American costume designer (1963–2024)

Michael McDonald (October 15, 1963 – September 4, 2024) was an American costume designer who was nominated for both a Tony Award and a Drama Desk Award in 2009 for his work on the Broadway revival of the musical Hair.

==Early life and education==
McDonald was born in Allentown, Pennsylvania, on October 15, 1963. He was a 1981 graduate of William Allen High School. He attended Muhlenberg College in Allentown, where he took his first costume design course and subsequently worked on several of Muhlenberg's theatrical productions.

==Career==
In 1984, McDonald became involved in theatre at the Civic Theatre of Allentown.

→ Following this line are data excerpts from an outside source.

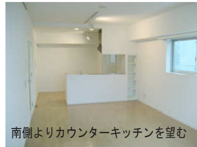
南側よりカウンターキッチンを望む

主にディンクスの使用を想定、 南北に長いLDKを持ち、 採光と開放を演出する心地よい空間。
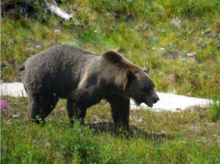
Kanada Yukon Beaver Creek
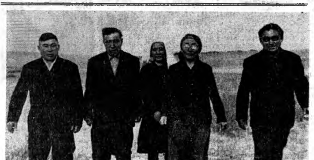
Унгаргшэ жэлдэ би харууһалжа байһан үнээн бүрибөө 2713 килограмм һу һаһан байһаб. Энэмин ур-занда жэлһинхээ 415 кило-граммаар ехэ. Бин байгаа арга болжонбуудаа зүбөөр
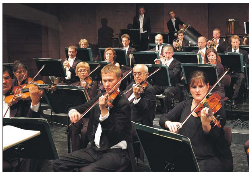
Mit Violine. Das Philharmonische Orchester der Stadt Trier absolviert jährlich über 100 Auftritte im Bereich Oper, Operette, Musical, Ballett sowie im Rahmen von Sinfonie- und Sonderkonzerten.

■ Sonntag, 8. Mai 2016: Family Classics II
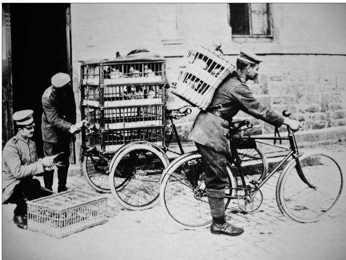
Transport francoskih golobov s kolesom, zahodna fronta 1918 (Buccioli, Animali al fronte , str. 72).

streljevanja. 60 Zelo uporabni so bili pri topniškem izvidovanju, ko so lahko izvidniki hitreje poročali topništvu o položaju sovražnikovih enot. Bili so redni sopotniki tankovskih in letalskih posadk. Tankovske posadke so z njimi sporočale svoje položaje, piloti pa so jih uporabljali za klice v sili. Neki britanski oficir, ki je poveljeval prvemu bataljonu tankovskega korpusa, je trdil, da so golobi pogosto reševali bojne situacije in jih niso zmotili niti plin ali topništvo. Bitka pri Monchy le Preuxu, v okviru bitke za Arras pomladi leta 1917, naj bi bila rešena zaradi golobjega sporočila enotam za napredujočimi tanki. 61 Neko angleško letalo je med patroliranjem nad Severnim morjem zasilno pristalo v morju. Posadki je uspelo odposlati goloba kot klic v sili, ki je v 22 minutah preletel 35 kilometrov in jih s tem rešil gotove smrti. 62 Golobe so uporabili v obveščevalne, a tudi v protiobveščevalne namene.
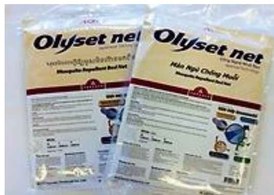
<販売用パッケージ>

In the early 1990s, he relocated to New York City, where he worked on productions including The Ride Down Mt. Morgan (Broadway, 2000), The Goat, or Who is Sylvia? (Broadway, 2002), and Take Me Out (Broadway, 2003). In 2009, his work on the Broadway revival of Hair earned him nominations for both the Tony Award for Best Costume Design and the Drama Desk Award for Outstanding Costume Design.

==Death==
McDonald died after a brief illness on September 4, 2024, at the age of 61.